No part of the organisation escapes the tendency to vary. The variations generally affect parts of small vital or physiological importance, but so it is with the differences which exist between closely-allied species. In these unimportant characters there is often a greater difference between the breeds of the same species than between the natural species of the same genus, as Isidore Geoffroy has shown to be the case with size, and as is often the case with the colour, texture, form, etc., of the hair, feathers, horns, and other dermal appendages.

It has often been asserted that important parts never vary under domestication, but this is a complete error. Look at the skull of the pig in any one of the highly improved breeds, with the occipital condyles and other parts greatly modified; or look at that of the niata ox. Or, again, in the several breeds of the rabbit, observe the elongated skull, with the differently shaped occipital foramen, atlas, and other cervical vertebrae. The whole shape of the brain, together with the skull, has been modified in Polish fowls; in other breeds of the fowl the number of the vertebrae and the forms of the cervical vertebrae have been changed. In certain pigeons the shape of the lower jaw, the relative length of the tongue, the size of the nostrils and eyelids, the number and shape of the ribs, the form and size of the oesophagus, have all varied. In certain quadrupeds the length of the intestines has been much increased or diminished. With plants we see wonderful differences in the stones of various fruits. In the Cucurbitaceae several highly important characters have varied, such as the sessile position of the stigmas on the ovarium, the position of the carpels, and the projection of the ovarium out of the receptacle.

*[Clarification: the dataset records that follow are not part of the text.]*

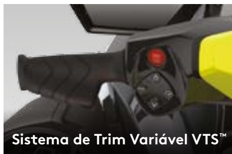
Sistema de Trim Variável VTS™

Este potente motor vem de fábrica com um supercharger e intercooler externo. É otimizado para funcionar com combustível comum, para maior economia
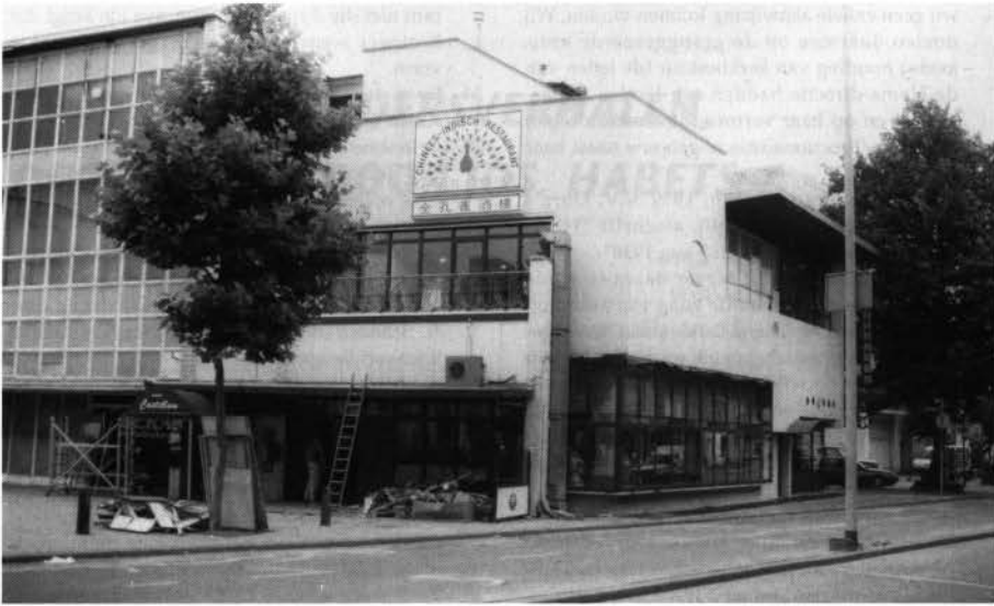
Plaatsing kunststofkozijnen in voormalig café-restaurant Castellum, Raadhuisplein 8.

gemeentelijke monumentennota snel door de raad dient te worden geaccordeerd. Zonder deze nota is de architectuur, waar Heerlen over het algemeen trots op is, overgeleverd aan de 'goede wil' van eigenaren en architecten.
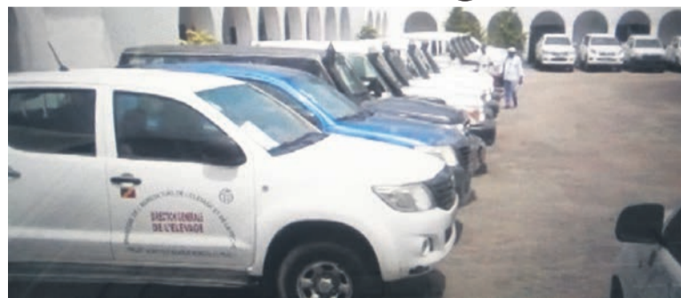
Les véhicules rétrocedés/Adiac

64 véhicules rétrocedés au ministère de l'Agriculture La gendarmerie nationale a remis, le 22 novembre, à Brazzaville les clés de trente-sept véhicules saisis au ministre de l'Agriculture, de l'Élevage et de la Pêche. Vingt-deux autres vont être restitués aux directions départementales. Tous ces moyens de l'État se trouvaient entre les mains de certains
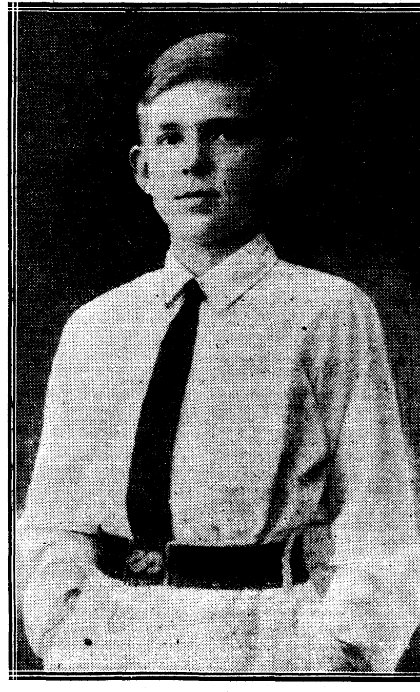
Su alteza real el infante don Juan, a quien su augusto padre dedica a la Marina española

Cuando se halle el tercero de los hijos varones del Rey debidamente preparado, comenzará sus estudios en la Escuela de Marina. Su majestad para dar muestra patente de su cariño a la Armada española, le entrega uno de sus hijos. Gesto noble, bien dentro de una tradición, por desdicha, largo tiempo olvidada. España por los caminos del mar halló los de su fama y gloria en el mundo. Y es consolador y rico en esperanzas el hecho de que un hijo del Monarca español estudie para marino.
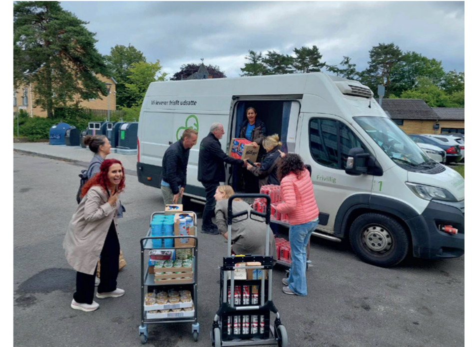
Øjeblikket ved første levering, hvor det går op for de boligsociale medarbejdere, at de ikke bare har sagt ja til én æske morgenmadsprodukt, men til en hel kasse!.

Projektet er etableret i samarbejde med Helsingør Kommune i forbindelse med Green Leaf året. FødevarerBanken har desuden fået støtte af Nordea-fonden og Lauritzen Fonden til etablering af nye madfællesskaber.
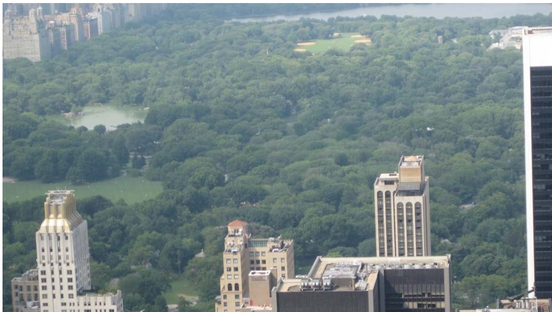
Utsikt norr ut över Central Park från Top of the Rock från Rockefeller Center.
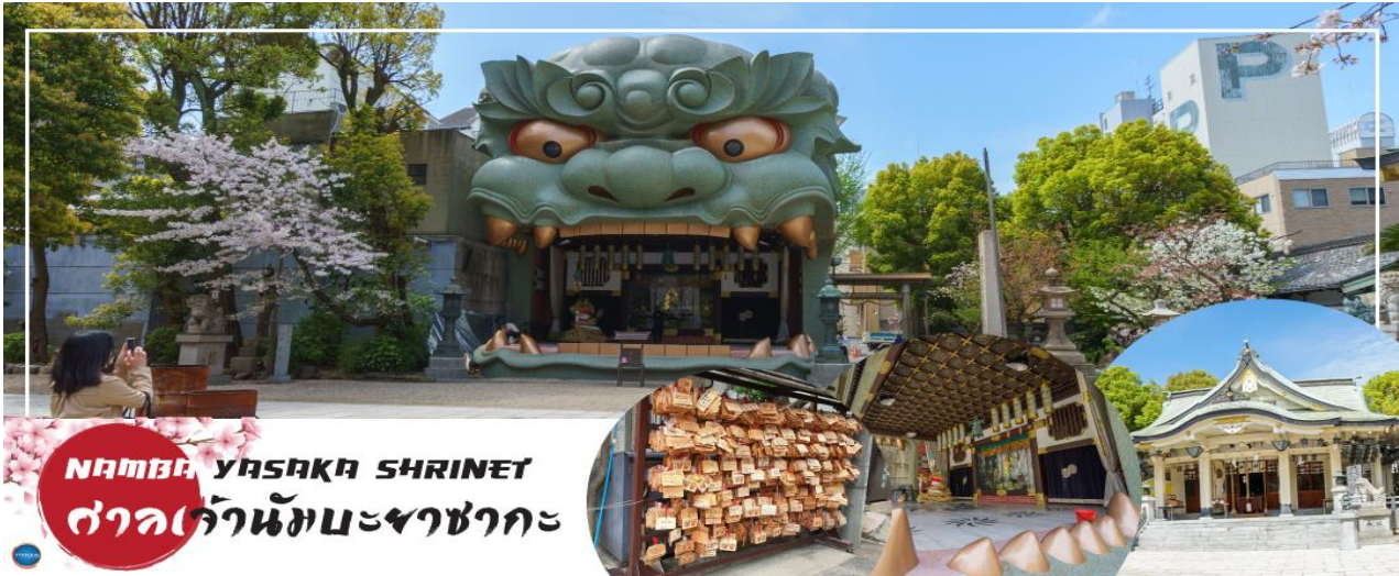
NAMBA YASAKA SHRINE ศาลเจ้านัมมะยาซากะ

วันที่ห้า เมืองโอซาก้า – ศาลเจ้านัมมะยาซากะ – ตลาดคูโรมง – ห้างอโชน มอลล์ ริงกุเซ็น – ท่าอากาศยานนานาชาติคันไซ – ท่าอากาศยานนานาชาติดอนเมือง
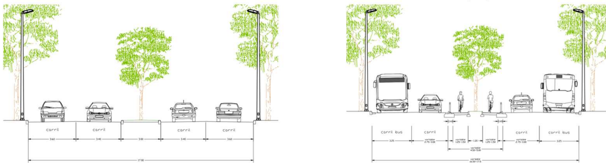
Reconfiguració d'un tram del passeig dels Països Catalans; a l'esquerra, situació actual, a la dreta, la nova

El Departament de Territori ha adjudicat les obres del corredor de bus ràpid (BRCat), entre Girona i Salt, per un import de 5 MEUR. Aquesta actuació suposa una millora integral de l'eix metropolità Salt – Girona que potenciarà la mobilitat sostenible, tant en autobús, com també en bicicleta i a peu. Els treballs començaran a finals d'aquesta primavera.
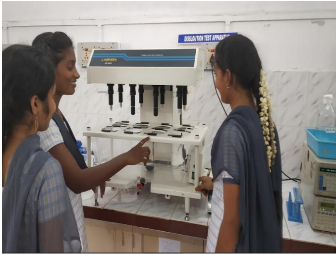
Training on HPLC
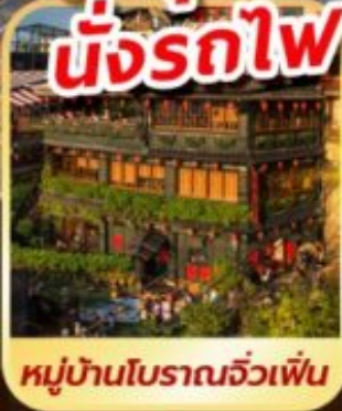
หมู่บ้านโบราณฉิวเฟิน
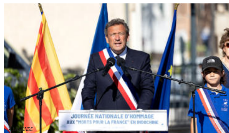
À LA LONDE
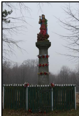
fot. 8. Figura św. Tekli w Kurowie
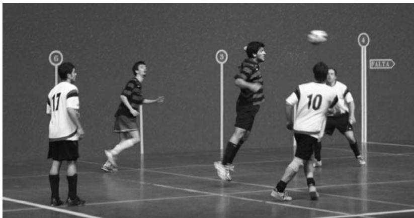
Urriaren hasi zen herriko areto futbol txapelketa azken faseetara iritsi da.

Hiru lehiaketa jokatu dira maiatzaren 23ra arte, play offak, ligila eta kontsolazioa. Eta lehenengo faseko sailkapenaren arabera taldeak honela banatu dira:
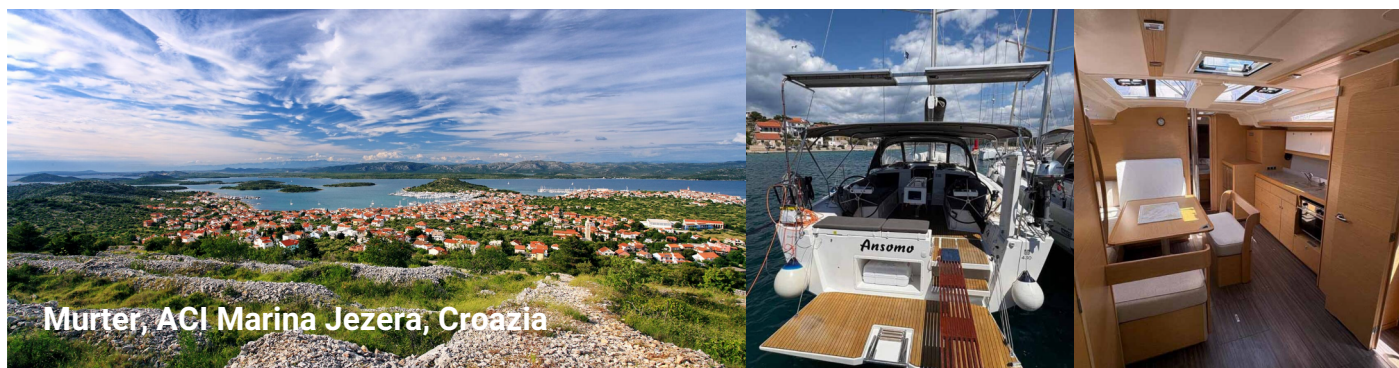
Murter, ACI Marina Jezera, Croazia
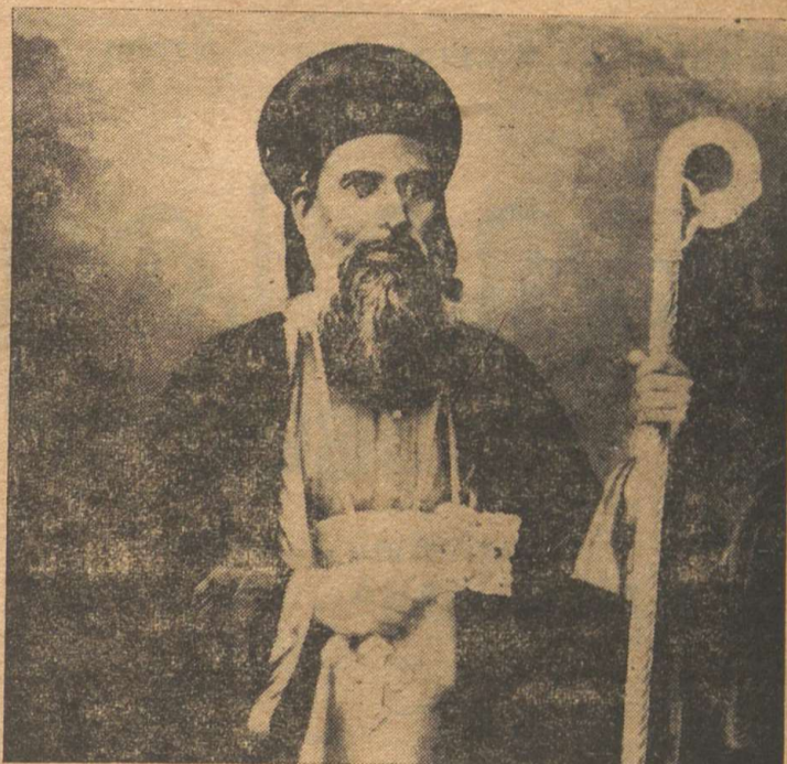
പരിശുദ്ധപരമല തിരുമേനിയുടെ 87-ാം ഓർമ്മപ്പെരുന്നാൾ പരമല സെമിനാരിയിൽ
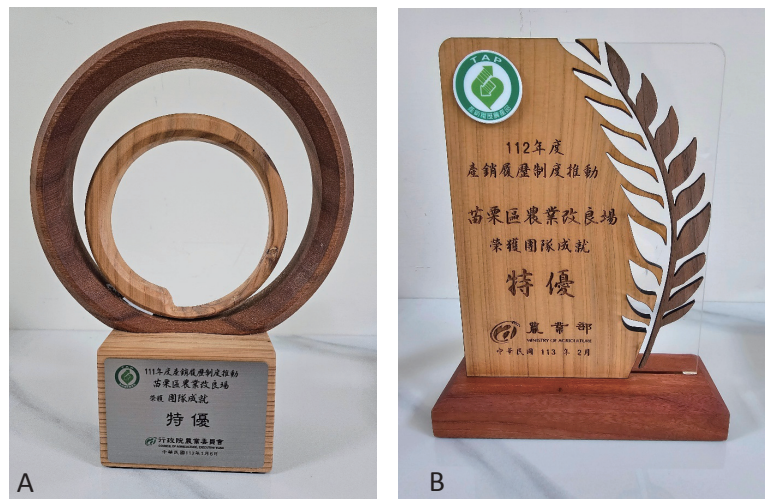
圖二、A. 本場榮獲 111 年度產銷履歷推動~團隊特優獎。 B. 本場榮獲 112 年度產銷履歷制度推動~團隊特優獎。
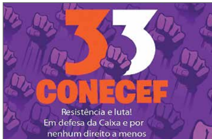
Conecef: o principal tema foi a defesa da Caixa como um banco totalmente público.

Sobre a questão do contencioso, Esteche afirma que essa deve ter o envolvimento de todos os empregados participantes
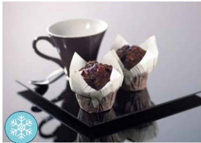
Muffin Double Chocolat 120g carton de 24 Code 6026
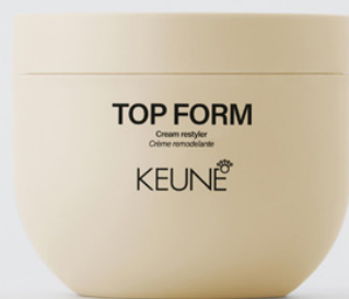
Forming Wax, Restyle Cream &amp; Fiber Wax
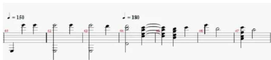
Figura 7. Comienzo del tema B (estribillo). (Anexo 2)
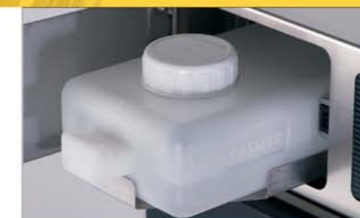
Integrierter Wassertank auf Lade.

*Die Sonderfarben beziehen sich auf die Frontscheibe.
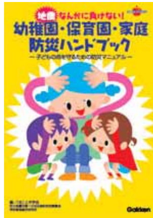
図 6.3.2 『地震なんかに負けない！ - 幼稚園・保育園・家庭防災ハンドブック』
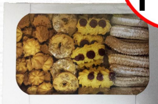
CIASTEczKA KRUCHE MIESZANKA FIRMOWA 700g
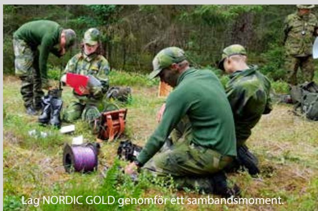
Lag NORDIC GOLD genomför ett sambandsmoment.
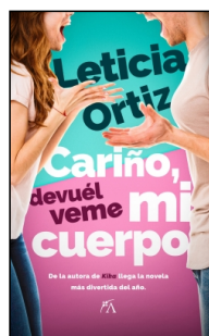
Cariño, devuélveme mi cuerpo
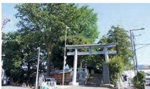
2 代田小や代田八幡神社等、地域コミュニティの場が存在します。
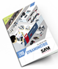
Dynamométrie SAM 2019 Consulter le catalogue
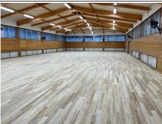
⑧武道場床改修（2月現在）
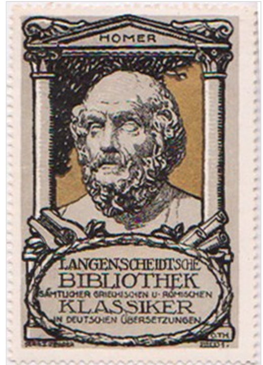
Homer auf einer Sammelmarke des Langenscheidt-Verlags

But it would be useless to run through the many facts given in the earlier chapters.

It is notorious how greatly the mental disposition, tastes, habits, consensual movements, loquacity or silence, and tone of voice have varied and been inherited in our domesticated animals. The dog offers the most striking instance of changed mental attributes, and these differences cannot be accounted for by descent from distinct wild types.

New characters may appear and old ones disappear at any stage of development, being inherited at a corresponding stage. We see this in the difference between the eggs, the down on the chickens and the first plumage of the various breeds of the fowl; and still more plainly in the differences between the caterpillars and cocoons of the various breeds of the silk-moth. These facts, simple as they appear, throw light on the differences between the larval and adult states of allied natural species, and on the whole great subject of embryology. New characters first appearing late in life are apt to become attached exclusively to that sex in which they first arose, or they may be developed in a much higher degree in this than in the other sex; or again, after having become attached to one sex, they may be transferred to the opposite sex. These facts, and more especially the circumstance that new characters seem to be particularly liable, from some unknown cause, to become attached to the male sex, have an important bearing on the acquirement of secondary sexual characters by animals in a state of nature.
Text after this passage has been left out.